### EXERCISE:
Skipping all images, output the listing word for word.
(EXCERPTED RECORDS)
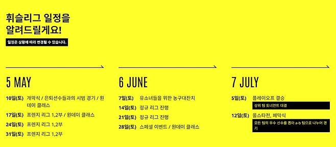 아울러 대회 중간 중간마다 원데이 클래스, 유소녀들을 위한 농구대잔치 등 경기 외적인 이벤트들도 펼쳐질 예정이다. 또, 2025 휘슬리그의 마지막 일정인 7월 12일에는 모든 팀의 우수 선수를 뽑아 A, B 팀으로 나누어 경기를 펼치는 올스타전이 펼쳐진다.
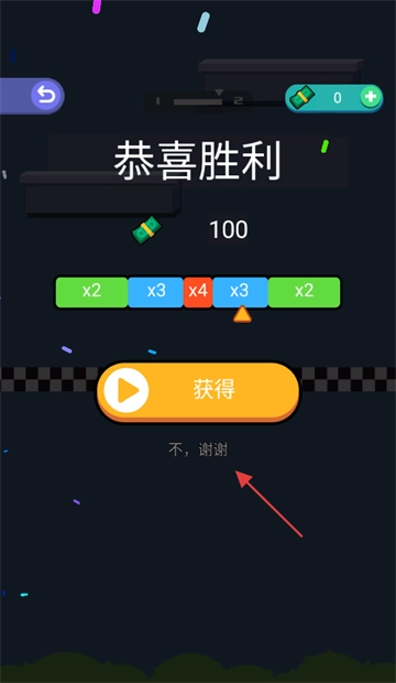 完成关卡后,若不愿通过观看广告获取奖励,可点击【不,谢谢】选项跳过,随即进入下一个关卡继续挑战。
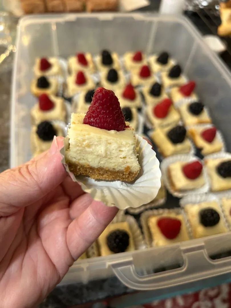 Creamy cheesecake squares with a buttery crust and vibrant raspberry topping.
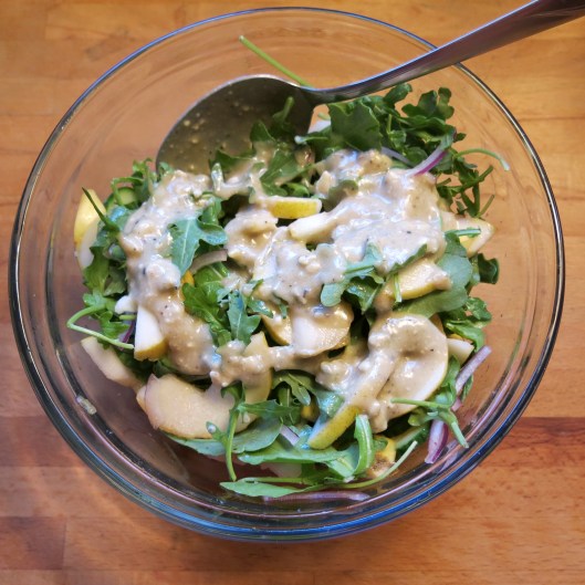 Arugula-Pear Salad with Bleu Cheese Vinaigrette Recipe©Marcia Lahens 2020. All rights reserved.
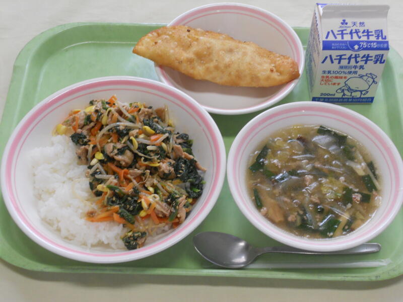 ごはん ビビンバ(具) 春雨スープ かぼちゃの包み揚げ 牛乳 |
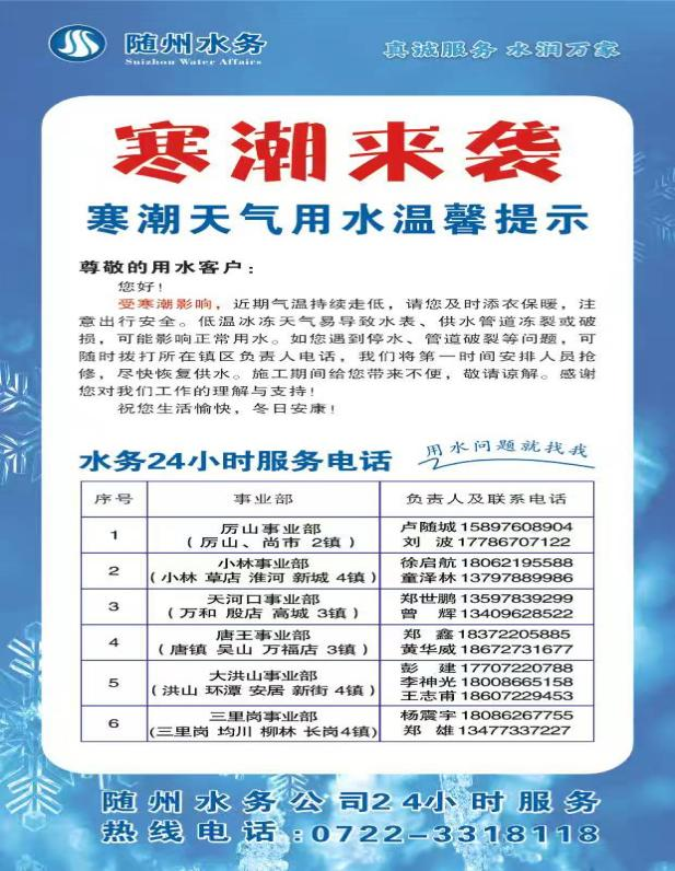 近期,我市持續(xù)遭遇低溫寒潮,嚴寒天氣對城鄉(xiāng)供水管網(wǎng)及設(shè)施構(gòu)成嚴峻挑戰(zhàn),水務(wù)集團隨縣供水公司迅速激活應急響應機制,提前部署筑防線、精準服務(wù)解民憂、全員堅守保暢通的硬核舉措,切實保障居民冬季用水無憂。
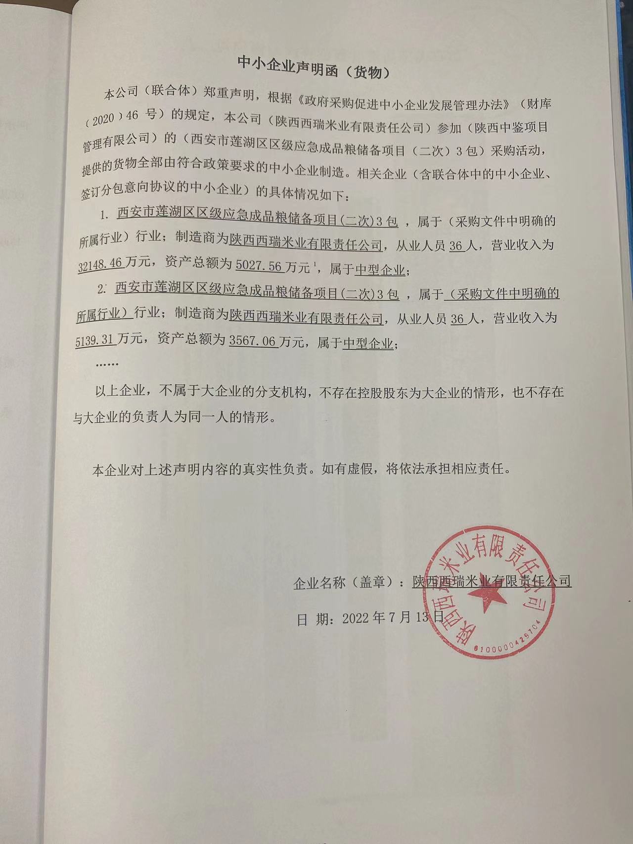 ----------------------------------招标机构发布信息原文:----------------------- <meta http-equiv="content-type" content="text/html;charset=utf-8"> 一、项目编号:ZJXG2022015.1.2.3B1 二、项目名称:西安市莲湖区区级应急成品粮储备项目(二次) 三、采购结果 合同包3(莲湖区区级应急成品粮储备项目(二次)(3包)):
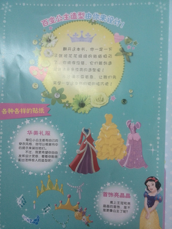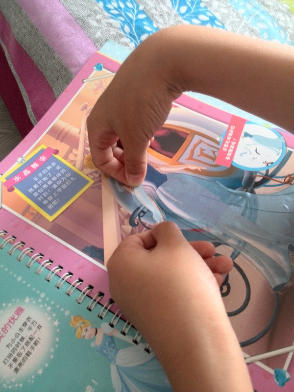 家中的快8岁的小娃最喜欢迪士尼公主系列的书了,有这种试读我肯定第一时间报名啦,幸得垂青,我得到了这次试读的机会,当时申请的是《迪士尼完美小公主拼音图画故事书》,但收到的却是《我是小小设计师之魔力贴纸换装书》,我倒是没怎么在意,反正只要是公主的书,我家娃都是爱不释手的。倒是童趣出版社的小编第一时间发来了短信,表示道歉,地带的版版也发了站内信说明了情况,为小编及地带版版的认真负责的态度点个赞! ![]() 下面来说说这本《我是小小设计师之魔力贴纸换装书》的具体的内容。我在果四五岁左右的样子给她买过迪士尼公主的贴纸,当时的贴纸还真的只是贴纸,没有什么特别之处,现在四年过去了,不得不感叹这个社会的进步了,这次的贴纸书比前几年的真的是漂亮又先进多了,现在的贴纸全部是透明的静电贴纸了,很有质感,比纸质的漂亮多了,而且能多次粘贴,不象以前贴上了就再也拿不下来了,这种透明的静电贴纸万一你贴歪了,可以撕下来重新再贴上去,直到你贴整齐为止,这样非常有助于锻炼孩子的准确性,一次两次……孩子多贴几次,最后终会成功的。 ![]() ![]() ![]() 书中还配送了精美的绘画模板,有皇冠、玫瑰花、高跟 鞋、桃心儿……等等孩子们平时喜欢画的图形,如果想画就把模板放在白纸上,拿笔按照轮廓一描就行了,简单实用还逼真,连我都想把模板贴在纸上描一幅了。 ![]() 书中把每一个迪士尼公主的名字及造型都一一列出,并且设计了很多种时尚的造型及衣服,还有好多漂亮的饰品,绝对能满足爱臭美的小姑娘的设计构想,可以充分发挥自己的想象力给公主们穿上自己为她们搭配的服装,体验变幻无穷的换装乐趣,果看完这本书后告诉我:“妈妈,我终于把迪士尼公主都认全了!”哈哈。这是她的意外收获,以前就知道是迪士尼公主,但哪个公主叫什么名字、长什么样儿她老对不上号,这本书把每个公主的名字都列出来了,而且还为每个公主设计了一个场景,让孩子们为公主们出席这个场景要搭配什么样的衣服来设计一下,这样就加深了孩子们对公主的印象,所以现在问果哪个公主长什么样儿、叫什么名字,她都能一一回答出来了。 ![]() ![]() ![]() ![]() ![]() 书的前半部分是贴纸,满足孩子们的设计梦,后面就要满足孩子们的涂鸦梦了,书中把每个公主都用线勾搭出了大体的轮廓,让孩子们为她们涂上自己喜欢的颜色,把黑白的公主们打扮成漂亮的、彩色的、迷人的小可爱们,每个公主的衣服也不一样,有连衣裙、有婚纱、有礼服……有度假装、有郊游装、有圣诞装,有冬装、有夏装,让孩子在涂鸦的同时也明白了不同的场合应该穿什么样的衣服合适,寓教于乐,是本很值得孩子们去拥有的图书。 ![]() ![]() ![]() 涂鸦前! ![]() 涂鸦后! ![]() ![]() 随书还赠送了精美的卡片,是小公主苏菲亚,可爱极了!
(End EXCERPTED RECORDS)
### TASK RESULT:
 아울러 대회 중간 중간마다 원데이 클래스, 유소녀들을 위한 농구대잔치 등 경기 외적인 이벤트들도 펼쳐질 예정이다. 또, 2025 휘슬리그의 마지막 일정인 7월 12일에는 모든 팀의 우수 선수를 뽑아 A, B 팀으로 나누어 경기를 펼치는 올스타전이 펼쳐진다.
 完成关卡后,若不愿通过观看广告获取奖励,可点击【不,谢谢】选项跳过,随即进入下一个关卡继续挑战。
 Creamy cheesecake squares with a buttery crust and vibrant raspberry topping.
 Arugula-Pear Salad with Bleu Cheese Vinaigrette Recipe©Marcia Lahens 2020. All rights reserved.
 ごはん ビビンバ(具) 春雨スープ かぼちゃの包み揚げ 牛乳 |
 近期,我市持續(xù)遭遇低溫寒潮,嚴寒天氣對城鄉(xiāng)供水管網(wǎng)及設(shè)施構(gòu)成嚴峻挑戰(zhàn),水務(wù)集團隨縣供水公司迅速激活應急響應機制,提前部署筑防線、精準服務(wù)解民憂、全員堅守保暢通的硬核舉措,切實保障居民冬季用水無憂。
 ----------------------------------招标机构发布信息原文:----------------------- <meta http-equiv="content-type" content="text/html;charset=utf-8"> 一、项目编号:ZJXG2022015.1.2.3B1 二、项目名称:西安市莲湖区区级应急成品粮储备项目(二次) 三、采购结果 合同包3(莲湖区区级应急成品粮储备项目(二次)(3包)):
 家中的快8岁的小娃最喜欢迪士尼公主系列的书了,有这种试读我肯定第一时间报名啦,幸得垂青,我得到了这次试读的机会,当时申请的是《迪士尼完美小公主拼音图画故事书》,但收到的却是《我是小小设计师之魔力贴纸换装书》,我倒是没怎么在意,反正只要是公主的书,我家娃都是爱不释手的。倒是童趣出版社的小编第一时间发来了短信,表示道歉,地带的版版也发了站内信说明了情况,为小编及地带版版的认真负责的态度点个赞! ![]() 下面来说说这本《我是小小设计师之魔力贴纸换装书》的具体的内容。我在果四五岁左右的样子给她买过迪士尼公主的贴纸,当时的贴纸还真的只是贴纸,没有什么特别之处,现在四年过去了,不得不感叹这个社会的进步了,这次的贴纸书比前几年的真的是漂亮又先进多了,现在的贴纸全部是透明的静电贴纸了,很有质感,比纸质的漂亮多了,而且能多次粘贴,不象以前贴上了就再也拿不下来了,这种透明的静电贴纸万一你贴歪了,可以撕下来重新再贴上去,直到你贴整齐为止,这样非常有助于锻炼孩子的准确性,一次两次……孩子多贴几次,最后终会成功的。 ![]() ![]() ![]() 书中还配送了精美的绘画模板,有皇冠、玫瑰花、高跟 鞋、桃心儿……等等孩子们平时喜欢画的图形,如果想画就把模板放在白纸上,拿笔按照轮廓一描就行了,简单实用还逼真,连我都想把模板贴在纸上描一幅了。 ![]() 书中把每一个迪士尼公主的名字及造型都一一列出,并且设计了很多种时尚的造型及衣服,还有好多漂亮的饰品,绝对能满足爱臭美的小姑娘的设计构想,可以充分发挥自己的想象力给公主们穿上自己为她们搭配的服装,体验变幻无穷的换装乐趣,果看完这本书后告诉我:“妈妈,我终于把迪士尼公主都认全了!”哈哈。这是她的意外收获,以前就知道是迪士尼公主,但哪个公主叫什么名字、长什么样儿她老对不上号,这本书把每个公主的名字都列出来了,而且还为每个公主设计了一个场景,让孩子们为公主们出席这个场景要搭配什么样的衣服来设计一下,这样就加深了孩子们对公主的印象,所以现在问果哪个公主长什么样儿、叫什么名字,她都能一一回答出来了。 ![]() ![]() ![]() ![]() ![]() 书的前半部分是贴纸,满足孩子们的设计梦,后面就要满足孩子们的涂鸦梦了,书中把每个公主都用线勾搭出了大体的轮廓,让孩子们为她们涂上自己喜欢的颜色,把黑白的公主们打扮成漂亮的、彩色的、迷人的小可爱们,每个公主的衣服也不一样,有连衣裙、有婚纱、有礼服……有度假装、有郊游装、有圣诞装,有冬装、有夏装,让孩子在涂鸦的同时也明白了不同的场合应该穿什么样的衣服合适,寓教于乐,是本很值得孩子们去拥有的图书。 ![]() ![]() ![]() 涂鸦前! ![]() 涂鸦后! ![]() ![]() 随书还赠送了精美的卡片,是小公主苏菲亚,可爱极了!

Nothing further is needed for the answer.